There are cooked shrub syrups, but this cold-press method is quick and easy. It also protects the pure, bright fruit flavor. Make sure the fruit is dead-ripe. You’ll discover your preferred ratio of shrub to water as you experiment with them, but 1 part shrub to 3 parts seltzer is a good starting point.
Yield: Makes about 1½ cups.
1 cup crushed berries or finely chopped stone fruit, such as peaches, plums, or cherries 1 cup granulated cane sugar 1 cup apple cider vinegar, red wine vinegar, or fruit vinegar (not distilled white vinegar)
In a glass bowl, stir together the fruit and sugar. Cover tightly with plastic wrap and refrigerate at least overnight or up to 48 hours, stirring occasionally to help dissolve the sugar.

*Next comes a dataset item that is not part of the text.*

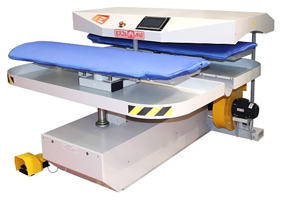 Принцип глажения состоит в поочередном прижиме гладильных столов с уложенным на них бельем к нагретой верхней гладильной плите, пока один стол прижат - происходит процесс глажения, в это время на втором столе оператор раскладывает другое белье. По окончании глажения первый стол опускается, как только оператор нажимает педаль - столы меняются местами. Процесс глажения повторяется для второго стола. Выглаженное белье заменяется новым, и цикл повторяется.

Strain through a fine-mesh sieve into a clean bowl, pressing gently on the solids to remove as much liquid as possible without forcing fruit pulp through the strainer. Scrape any undissolved sugar into the strained juice. Stir in vinegar. Transfer to a clean bottle or jar with a tight-fitting lid. Discard strained solids or eat them as a cook’s treat.
Refrigerate covered for at least 3 days before serving, shaking gently from time to time. Sometimes a little sugar will settle to the bottom, although eventually, the acidity of the vinegar will dissolve it. New shrub is pungent and quite tart, but the flavor mellows and harmonizes over time. Shrub syrup can keep for up to one year.